Activity:
What needs reproducing is the run of lines in the data below starting at the line with "for use anywhere." and ending at the line with "Apartamento entero renovado", both ends included. Copy it exactly, without pictures, and add nothing.

=====

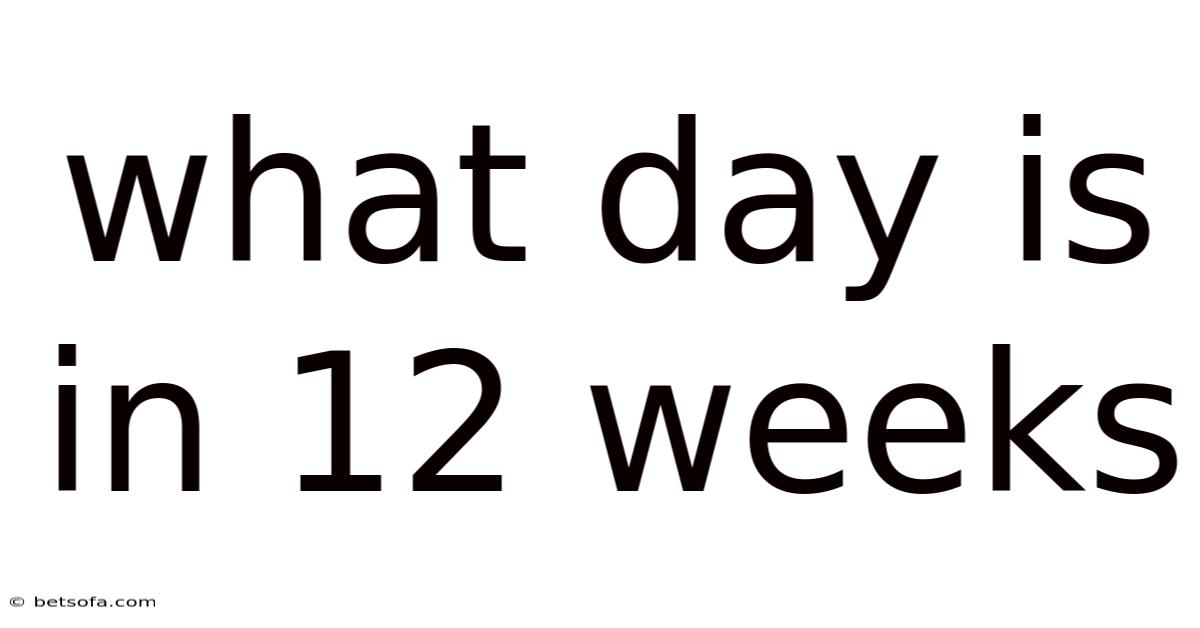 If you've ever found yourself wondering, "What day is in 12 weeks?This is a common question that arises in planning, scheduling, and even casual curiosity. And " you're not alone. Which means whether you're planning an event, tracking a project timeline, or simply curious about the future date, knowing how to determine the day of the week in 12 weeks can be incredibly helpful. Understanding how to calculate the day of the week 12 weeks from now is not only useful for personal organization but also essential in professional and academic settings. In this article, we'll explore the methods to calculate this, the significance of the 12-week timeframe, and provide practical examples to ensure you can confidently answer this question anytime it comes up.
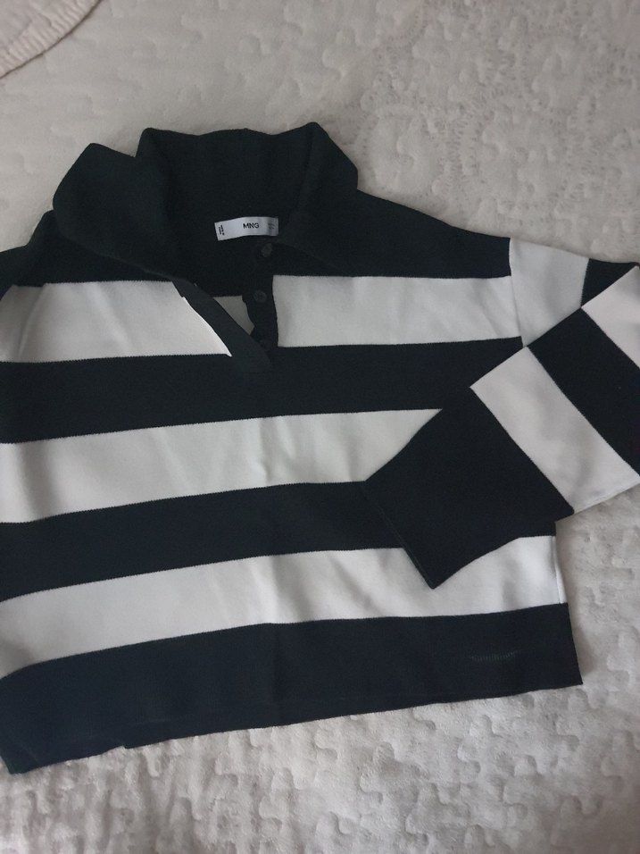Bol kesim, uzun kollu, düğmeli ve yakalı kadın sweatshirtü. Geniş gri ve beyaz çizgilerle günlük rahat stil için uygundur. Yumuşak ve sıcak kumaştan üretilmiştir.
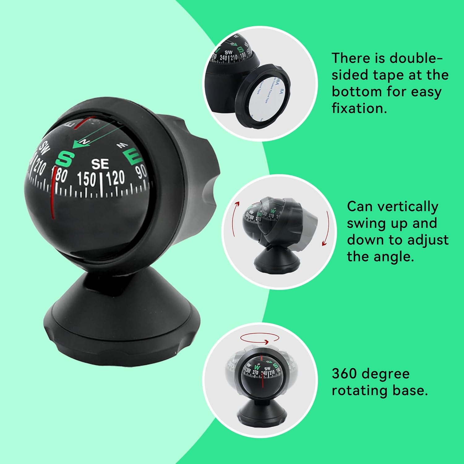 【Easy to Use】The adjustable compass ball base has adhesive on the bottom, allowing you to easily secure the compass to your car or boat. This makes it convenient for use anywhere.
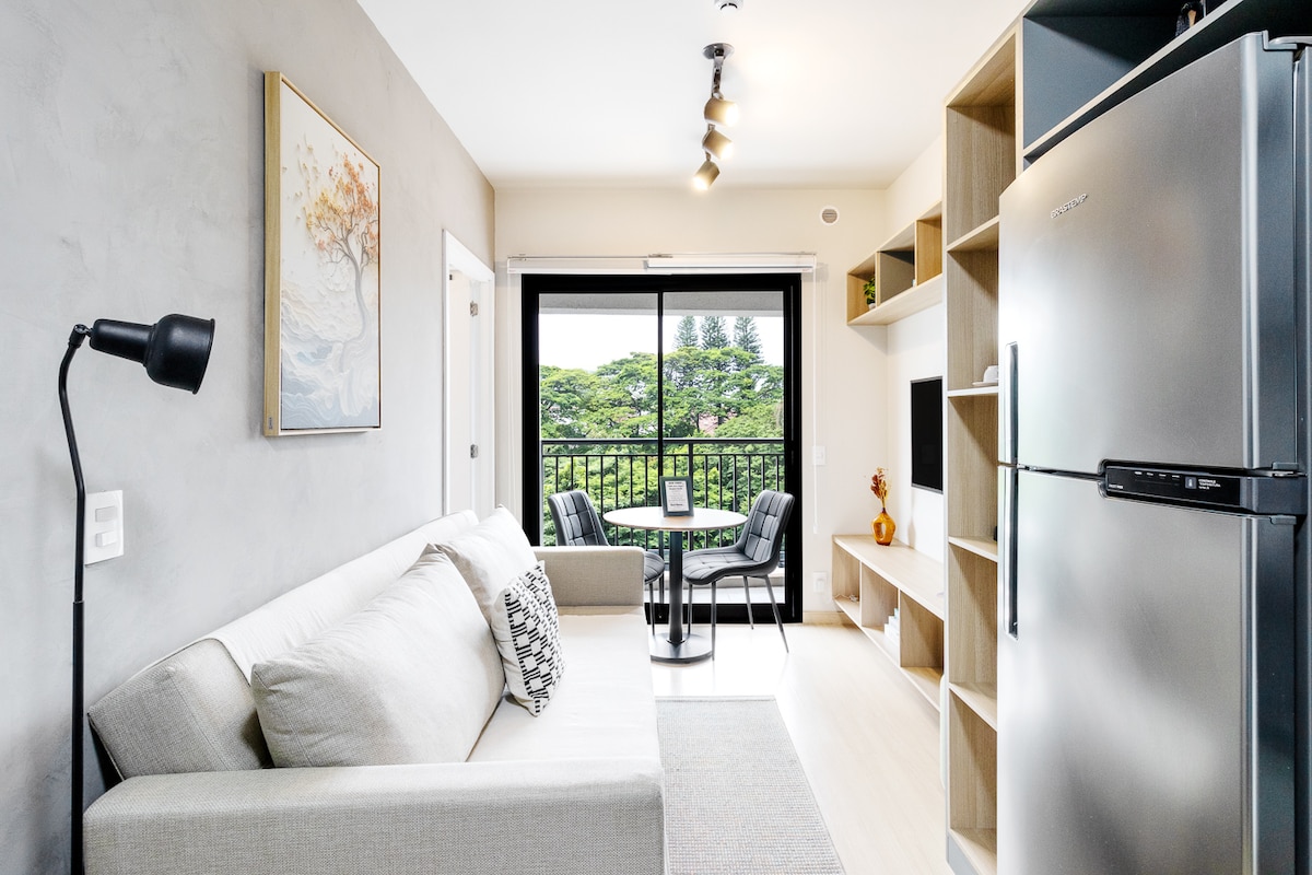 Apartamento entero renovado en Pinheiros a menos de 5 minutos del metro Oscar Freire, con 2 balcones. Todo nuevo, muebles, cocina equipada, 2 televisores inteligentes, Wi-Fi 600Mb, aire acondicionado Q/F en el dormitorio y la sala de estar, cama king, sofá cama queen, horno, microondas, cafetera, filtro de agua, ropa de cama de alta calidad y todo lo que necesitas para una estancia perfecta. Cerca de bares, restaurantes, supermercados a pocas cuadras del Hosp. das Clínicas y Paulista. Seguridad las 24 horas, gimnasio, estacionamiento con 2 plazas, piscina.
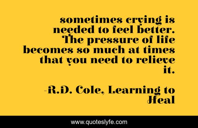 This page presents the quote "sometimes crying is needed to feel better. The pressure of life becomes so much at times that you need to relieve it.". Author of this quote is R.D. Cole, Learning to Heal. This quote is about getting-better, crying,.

=====

Result of the exercise:
 【Easy to Use】The adjustable compass ball base has adhesive on the bottom, allowing you to easily secure the compass to your car or boat. This makes it convenient for use anywhere.
 Apartamento entero renovado en Pinheiros a menos de 5 minutos del metro Oscar Freire, con 2 balcones. Todo nuevo, muebles, cocina equipada, 2 televisores inteligentes, Wi-Fi 600Mb, aire acondicionado Q/F en el dormitorio y la sala de estar, cama king, sofá cama queen, horno, microondas, cafetera, filtro de agua, ropa de cama de alta calidad y todo lo que necesitas para una estancia perfecta. Cerca de bares, restaurantes, supermercados a pocas cuadras del Hosp. das Clínicas y Paulista. Seguridad las 24 horas, gimnasio, estacionamiento con 2 plazas, piscina.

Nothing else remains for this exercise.